Records for this exercise =
"""

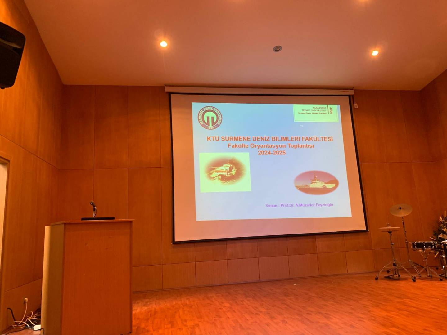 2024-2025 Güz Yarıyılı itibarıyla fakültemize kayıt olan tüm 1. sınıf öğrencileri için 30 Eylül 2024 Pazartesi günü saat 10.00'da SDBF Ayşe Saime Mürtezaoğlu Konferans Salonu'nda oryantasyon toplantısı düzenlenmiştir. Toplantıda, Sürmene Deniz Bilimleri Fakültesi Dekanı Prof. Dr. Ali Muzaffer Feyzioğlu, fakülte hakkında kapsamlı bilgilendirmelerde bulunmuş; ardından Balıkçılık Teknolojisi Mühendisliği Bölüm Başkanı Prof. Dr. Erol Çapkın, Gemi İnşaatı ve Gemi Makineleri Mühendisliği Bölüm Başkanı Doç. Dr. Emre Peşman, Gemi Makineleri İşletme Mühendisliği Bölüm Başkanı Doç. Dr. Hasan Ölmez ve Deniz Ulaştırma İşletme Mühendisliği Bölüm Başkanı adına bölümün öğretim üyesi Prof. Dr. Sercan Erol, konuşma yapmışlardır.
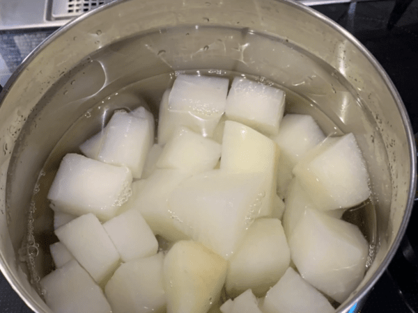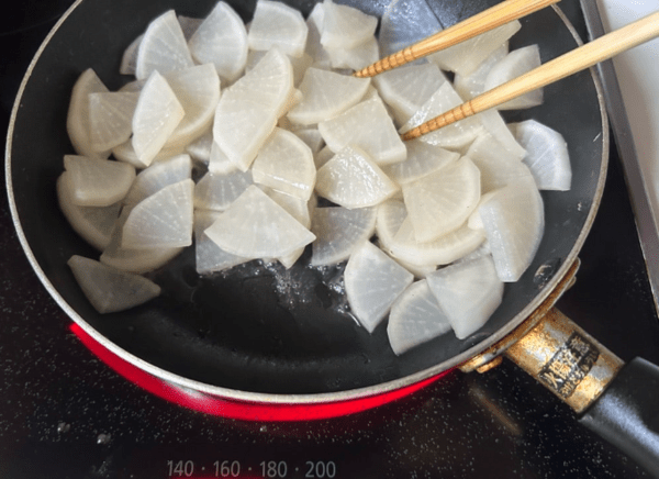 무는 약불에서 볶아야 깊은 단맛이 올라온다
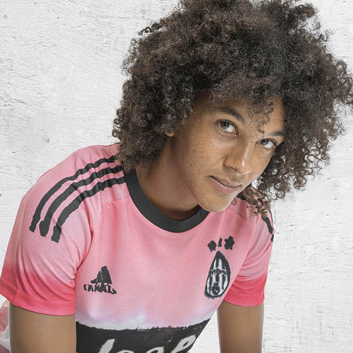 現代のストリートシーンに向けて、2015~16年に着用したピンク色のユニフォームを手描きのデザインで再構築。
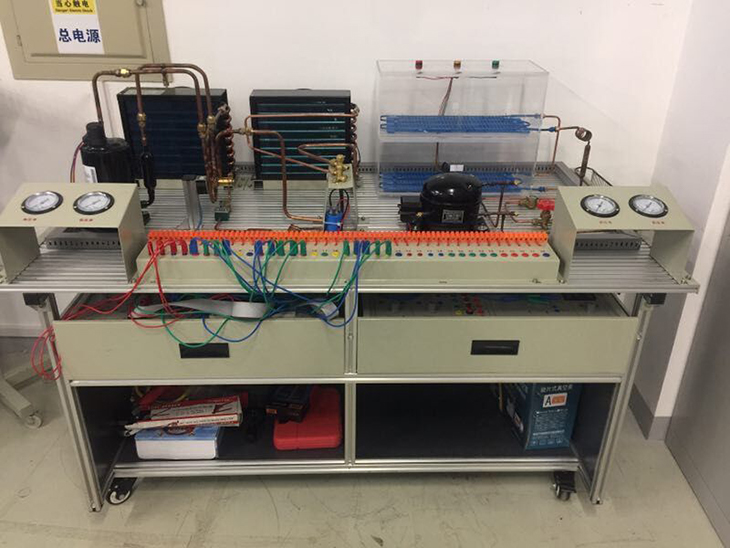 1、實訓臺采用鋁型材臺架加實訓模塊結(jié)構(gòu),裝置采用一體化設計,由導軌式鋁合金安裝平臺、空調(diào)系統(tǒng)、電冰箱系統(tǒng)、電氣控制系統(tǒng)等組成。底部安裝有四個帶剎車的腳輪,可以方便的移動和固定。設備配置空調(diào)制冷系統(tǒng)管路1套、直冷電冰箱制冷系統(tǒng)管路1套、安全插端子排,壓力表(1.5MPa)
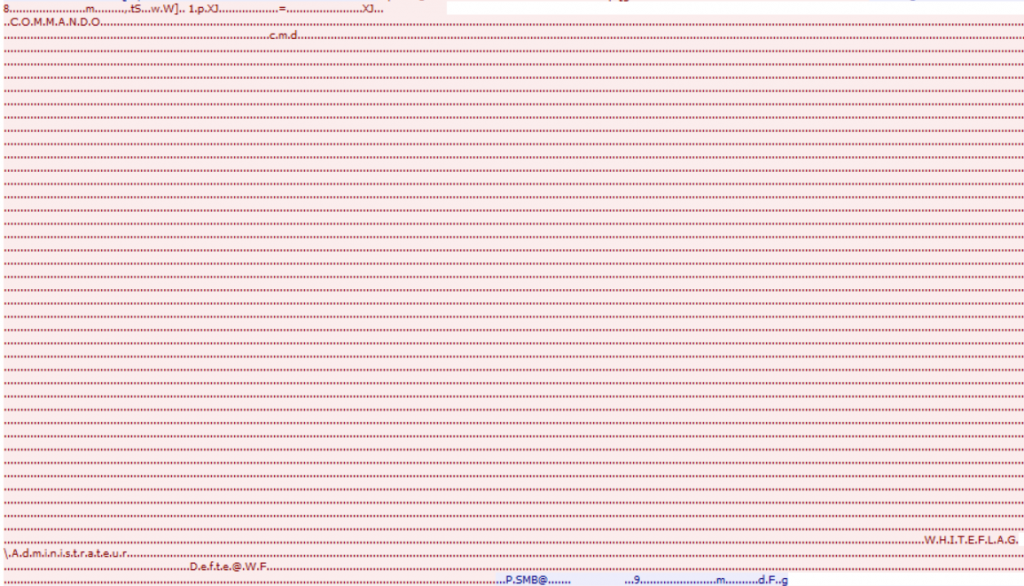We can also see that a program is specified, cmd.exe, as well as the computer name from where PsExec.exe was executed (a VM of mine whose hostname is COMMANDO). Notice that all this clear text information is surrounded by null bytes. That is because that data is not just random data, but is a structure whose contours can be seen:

"""

Exercise prompt =
The result should be an exact copy of every entry above, with no pictures included.

Task solution =
 2024-2025 Güz Yarıyılı itibarıyla fakültemize kayıt olan tüm 1. sınıf öğrencileri için 30 Eylül 2024 Pazartesi günü saat 10.00'da SDBF Ayşe Saime Mürtezaoğlu Konferans Salonu'nda oryantasyon toplantısı düzenlenmiştir. Toplantıda, Sürmene Deniz Bilimleri Fakültesi Dekanı Prof. Dr. Ali Muzaffer Feyzioğlu, fakülte hakkında kapsamlı bilgilendirmelerde bulunmuş; ardından Balıkçılık Teknolojisi Mühendisliği Bölüm Başkanı Prof. Dr. Erol Çapkın, Gemi İnşaatı ve Gemi Makineleri Mühendisliği Bölüm Başkanı Doç. Dr. Emre Peşman, Gemi Makineleri İşletme Mühendisliği Bölüm Başkanı Doç. Dr. Hasan Ölmez ve Deniz Ulaştırma İşletme Mühendisliği Bölüm Başkanı adına bölümün öğretim üyesi Prof. Dr. Sercan Erol, konuşma yapmışlardır.
 무는 약불에서 볶아야 깊은 단맛이 올라온다
 現代のストリートシーンに向けて、2015~16年に着用したピンク色のユニフォームを手描きのデザインで再構築。
 1、實訓臺采用鋁型材臺架加實訓模塊結(jié)構(gòu),裝置采用一體化設計,由導軌式鋁合金安裝平臺、空調(diào)系統(tǒng)、電冰箱系統(tǒng)、電氣控制系統(tǒng)等組成。底部安裝有四個帶剎車的腳輪,可以方便的移動和固定。設備配置空調(diào)制冷系統(tǒng)管路1套、直冷電冰箱制冷系統(tǒng)管路1套、安全插端子排,壓力表(1.5MPa)
We can also see that a program is specified, cmd.exe, as well as the computer name from where PsExec.exe was executed (a VM of mine whose hostname is COMMANDO). Notice that all this clear text information is surrounded by null bytes. That is because that data is not just random data, but is a structure whose contours can be seen:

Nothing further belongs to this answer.